More likely, the "definition" has evolved over the centuries.

Captain George Smith's 1779 Dictionary: "Common experience, together with some of the greatest artists in fortification, unanimously agree" on the distance."

"Even the French held the same view of musket capabilities."

Not to argue apples (smoothbores) and oranges (rifles), or go :eek:ff on ctg guns, but, if you are familiar with the "Plevna Delay", the Ottoman Turks used Peabody-Martini .45 caliber rifles to badly damage the Russian forces with plunging fire at (a premeasured) 2000 yards! (When the range closed, the Turks switched to 1866 Winchesters, and annihilated them.)

Brown Bess volley fire at 300 yards, "when attention is paid to the loading" and trajectory, would likewise have a worthwhile effect.
 
JonnyReb said:
Sure is, i never had any idea they volly'ed shot at those kinda ranges. Guess a big lead ball at 3-400fps still packs a heckuva wallop.
Just for giggles I made a few assumptions and then poked them into my ballistics program.

Guessing the original Bess roundball was about .690 diameter I used that value.

Also guessing that because of the amount of "windage" between the .69 ball and the actual bore the powder charge might not get the ball moving much over 950 feet per second at the muzzle, I poked that number into the calculator.

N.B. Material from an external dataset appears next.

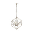 The chandelier's four candle-style light fixtures are situated within a geometric frame created from strong stainless steel, with a stylish nickel plating lending a touch of luxury.

It said the ball would still be moving at 502 feet per second as it passed the 300 yard distance and it would have 277 lb/ft of energy.

Actually hitting a specific place would require aiming at a point 26 feet, 4 inches above the target but at 300 yards range that would only require pointing the barrel 1.7 degrees higher above the normal aim that would be used at the debated "point blank range".

(300 yards = 900 feet. 26.333 feet/900 feet = tan A = .0293 so angle A = 1.676 degrees elevation)

In other words, this would not require pointing the gun at some wild angle towards the sky. With the troops just slightly raising the muzzle there would be a good chance of hitting someone in a big clump of soldiers standing shoulder to shoulder at 300 yards.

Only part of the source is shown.